Sur ces différents fronts - sanctions, politique énergétique, rétablissement d’une capacité de dissuasion en Europe - ou sur d’autres, tel le soutien à l’Ukraine, une responsabilité particulière incombe à la France. Ce n’est pas verser dans la grandiloquence que de dire que nous sommes dans un “moment gaullien”, qui appelle de la part des dirigeants français une solidarité transatlantique similaire à celle de De Gaulle lors des crises de Berlin et de Cuba. Plus encore peut-être, nous sommes dans un moment “crise des euromissiles” - cet épisode crucial qui a précédé la fin de la guerre froide et qui avait vu le Président Mitterrand défendre de manière spectaculaire, notamment auprès de l’opinion allemande, la décision de l’OTAN de contrebalancer le déploiement d’un nouveau type d’armement russe, les SS20.
Aujourd’hui, comme au début des années 80, ce sont bien des enjeux fondamentaux pour l’Europe que nos dirigeants doivent affronter : les équilibres stratégiques, la souveraineté des nations, le respect des traités et des engagements internationaux. Nous serions tentés de dire aujourd’hui plus encore qu’au début des années 80, puisque cette fois l’épreuve de force armée a déjà commencé.

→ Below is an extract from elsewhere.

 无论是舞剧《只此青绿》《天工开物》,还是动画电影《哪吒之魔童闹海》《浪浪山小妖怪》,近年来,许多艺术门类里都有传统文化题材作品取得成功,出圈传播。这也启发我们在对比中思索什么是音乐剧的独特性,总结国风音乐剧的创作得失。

Dans un tel contexte, la France, membre permanent du Conseil de sécurité et puissance nucléaire, retrouve sa vocation naturelle de pilier de la sécurité européenne. Il est attendu d’elle qu’elle tienne une position de fermeté. L’ironie de l’Histoire veut que cette tâche incombe à Emmanuel Macron dans les dernières semaines de ce quinquennat et alors que le Président s’est pendant toute une partie de son mandat écarté de la ligne moyenne de la politique européenne pour plaider le dialogue avec la Russie.

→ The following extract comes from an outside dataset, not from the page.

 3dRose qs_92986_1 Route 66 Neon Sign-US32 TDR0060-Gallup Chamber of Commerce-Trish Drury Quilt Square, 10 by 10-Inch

Or précisément, lors des dernières semaines, Emmanuel Macron s’est certes signalé par sa volonté de rechercher jusqu’au bout, comme il était normal, une solution négociée avec Moscou. Mais aussi par le soin qu’il a mis, contrairement à son comportement antérieur de "cavalier seul”, à consulter ses partenaires et à respecter la cohésion transatlantique. Ses partenaires le soupçonnaient de complaisance à l’égard de Moscou. Il apparaît aujourd’hui comme la voix naturelle de l’Europe, plus encore qu’Olaf Scholz dont la marge de manœuvre est plus difficile pour des raisons de politique intérieure. Et cela d’autant plus que le Brexit réduit l’influence du Royaume-Uni. Lors de l’ultime concertation transatlantique, ce sont Emmanuel Macron et Olaf Scholz que le Président Biden a appelés.
Il reste à Emmanuel Macron à trouver l’équivalent du “les SS20 sont à l’Est, les pacifistes à l’Ouest” de François Mitterrand en 1983. Formulons le vœu, en ce temps de campagne présidentielle, que la classe politique française dans son ensemble prenne conscience des responsabilités qui incombent désormais à la France pour le destin même de l’Europe. Rappelons aussi que le discours au Bundestag du Président Mitterrand fut le point de départ d’une grande politique européenne allant bien au-delà des aspects militaires et de sécurité.